The short answer is no.
Divorce Can Be Obtained Unilaterally
Under Canadian law, there is no requirement that both spouses must agree to divorce before it can happen. So, your ex does not need your participation to legally divorce you.
As long as he or she files the correct documents with the court, and provides you with the required notice, the divorce can go forward, even against your will.
This means none of the following actions/inactions will stop a divorce from happening:
- Refusing to move out of the matrimonial home you shared with your ex
- Failing to respond to divorce papers that have been filed and served on you by your ex
- Failing to file your own response to your ex’s divorce materials
- Not showing up for a court hearing in your divorce litigation
How Can My Ex Get A Divorce Without Me?
Under Canadian law, there is a simple threshold for when a divorce can be obtained. Your ex needs to show that there has been a “breakdown of the marriage,” which involves three possible grounds:
- Separation (with no fault attributed). This means you and your ex have been separated from each other for at least one full year.
- Adultery. This requires your ex to prove that you have committed adultery since your wedding.
- Cruelty. This requires your ex to prove that since your wedding, you have treated him or her with “physical or mental cruelty of such a kind as to render intolerable” your continued cohabitation.
Most people will select the first option and go through a one-year separation.
Do I Have Any Options?
Even though you can’t stop an unwanted divorce, there are some things that you can do to try to make the marriage work. If your ex is willing to go, you can try marriage counselling.

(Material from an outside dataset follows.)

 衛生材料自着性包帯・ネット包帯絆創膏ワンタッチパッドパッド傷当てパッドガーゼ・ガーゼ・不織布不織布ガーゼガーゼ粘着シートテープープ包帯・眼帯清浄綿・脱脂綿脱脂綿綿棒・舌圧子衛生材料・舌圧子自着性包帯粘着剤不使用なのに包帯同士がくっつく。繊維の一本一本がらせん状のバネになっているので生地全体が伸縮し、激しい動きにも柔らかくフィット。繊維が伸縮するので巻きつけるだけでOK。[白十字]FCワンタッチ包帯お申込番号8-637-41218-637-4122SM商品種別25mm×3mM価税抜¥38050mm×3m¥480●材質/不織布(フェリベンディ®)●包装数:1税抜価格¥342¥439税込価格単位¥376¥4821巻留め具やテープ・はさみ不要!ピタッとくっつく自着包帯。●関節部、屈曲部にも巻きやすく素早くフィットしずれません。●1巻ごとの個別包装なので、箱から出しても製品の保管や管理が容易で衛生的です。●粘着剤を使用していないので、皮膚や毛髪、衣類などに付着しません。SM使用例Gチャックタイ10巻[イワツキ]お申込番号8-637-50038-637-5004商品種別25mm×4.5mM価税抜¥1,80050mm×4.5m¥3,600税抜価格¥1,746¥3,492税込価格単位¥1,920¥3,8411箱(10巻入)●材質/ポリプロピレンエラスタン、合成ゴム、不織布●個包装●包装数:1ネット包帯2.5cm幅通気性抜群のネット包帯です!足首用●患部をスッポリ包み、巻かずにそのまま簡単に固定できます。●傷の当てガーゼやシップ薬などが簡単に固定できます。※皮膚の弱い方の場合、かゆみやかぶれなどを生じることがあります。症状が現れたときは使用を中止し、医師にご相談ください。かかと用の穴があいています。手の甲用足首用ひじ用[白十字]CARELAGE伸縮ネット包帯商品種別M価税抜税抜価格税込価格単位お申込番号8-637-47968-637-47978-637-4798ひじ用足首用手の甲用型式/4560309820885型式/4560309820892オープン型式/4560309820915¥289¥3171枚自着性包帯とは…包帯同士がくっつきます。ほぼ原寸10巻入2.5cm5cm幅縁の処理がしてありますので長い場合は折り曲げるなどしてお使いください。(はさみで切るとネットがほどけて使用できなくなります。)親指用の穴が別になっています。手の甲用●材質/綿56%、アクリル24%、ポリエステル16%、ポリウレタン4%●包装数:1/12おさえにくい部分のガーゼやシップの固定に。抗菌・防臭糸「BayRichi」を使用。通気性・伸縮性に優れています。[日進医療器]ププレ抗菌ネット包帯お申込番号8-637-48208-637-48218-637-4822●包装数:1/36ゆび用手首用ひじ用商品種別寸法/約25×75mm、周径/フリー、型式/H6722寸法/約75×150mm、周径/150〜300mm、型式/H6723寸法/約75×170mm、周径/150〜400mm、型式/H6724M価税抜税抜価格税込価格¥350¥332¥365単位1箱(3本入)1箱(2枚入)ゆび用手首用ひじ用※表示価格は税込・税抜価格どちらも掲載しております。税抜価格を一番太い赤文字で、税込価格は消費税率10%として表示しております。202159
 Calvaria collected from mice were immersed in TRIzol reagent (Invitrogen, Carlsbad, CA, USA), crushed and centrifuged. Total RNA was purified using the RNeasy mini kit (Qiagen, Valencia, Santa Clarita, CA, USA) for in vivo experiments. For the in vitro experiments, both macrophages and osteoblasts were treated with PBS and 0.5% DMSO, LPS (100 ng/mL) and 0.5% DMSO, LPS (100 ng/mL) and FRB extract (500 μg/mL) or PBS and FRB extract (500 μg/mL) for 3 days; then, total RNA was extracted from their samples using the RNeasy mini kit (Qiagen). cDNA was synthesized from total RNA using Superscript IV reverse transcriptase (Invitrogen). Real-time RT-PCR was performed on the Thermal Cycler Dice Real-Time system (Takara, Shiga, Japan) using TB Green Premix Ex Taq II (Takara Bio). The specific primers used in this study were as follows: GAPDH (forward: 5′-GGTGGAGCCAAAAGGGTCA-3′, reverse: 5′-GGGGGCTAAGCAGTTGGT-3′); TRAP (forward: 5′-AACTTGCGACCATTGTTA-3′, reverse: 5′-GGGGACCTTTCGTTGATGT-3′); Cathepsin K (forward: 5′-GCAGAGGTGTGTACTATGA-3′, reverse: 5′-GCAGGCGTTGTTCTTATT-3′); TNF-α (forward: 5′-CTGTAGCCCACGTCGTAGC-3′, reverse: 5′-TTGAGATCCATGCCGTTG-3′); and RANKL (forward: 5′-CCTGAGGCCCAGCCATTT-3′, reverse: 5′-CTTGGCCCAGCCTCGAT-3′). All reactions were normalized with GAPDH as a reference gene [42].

If those efforts fail, then it is best for all parties to try and work towards an amicable divorce.
Why Should I Cooperate?
If your ex is determined to go ahead with a divorce against your wishes, your next-best option is to optimize the outcome of the divorce for yourself. This can include:
- Negotiating a separation agreement with your ex, ideally with the help of an experienced family lawyer
- Familiarizing yourself with the upcoming divorce process, and hiring a lawyer as soon as possible to help you with the steps in the litigation
- Participating in formal mediation and other alternative dispute resolution methods with him or her
Remember, your ex will get a divorce order, but if you are constantly fighting and delaying the process, the outcome of the divorce will likely suit his or her wants and needs.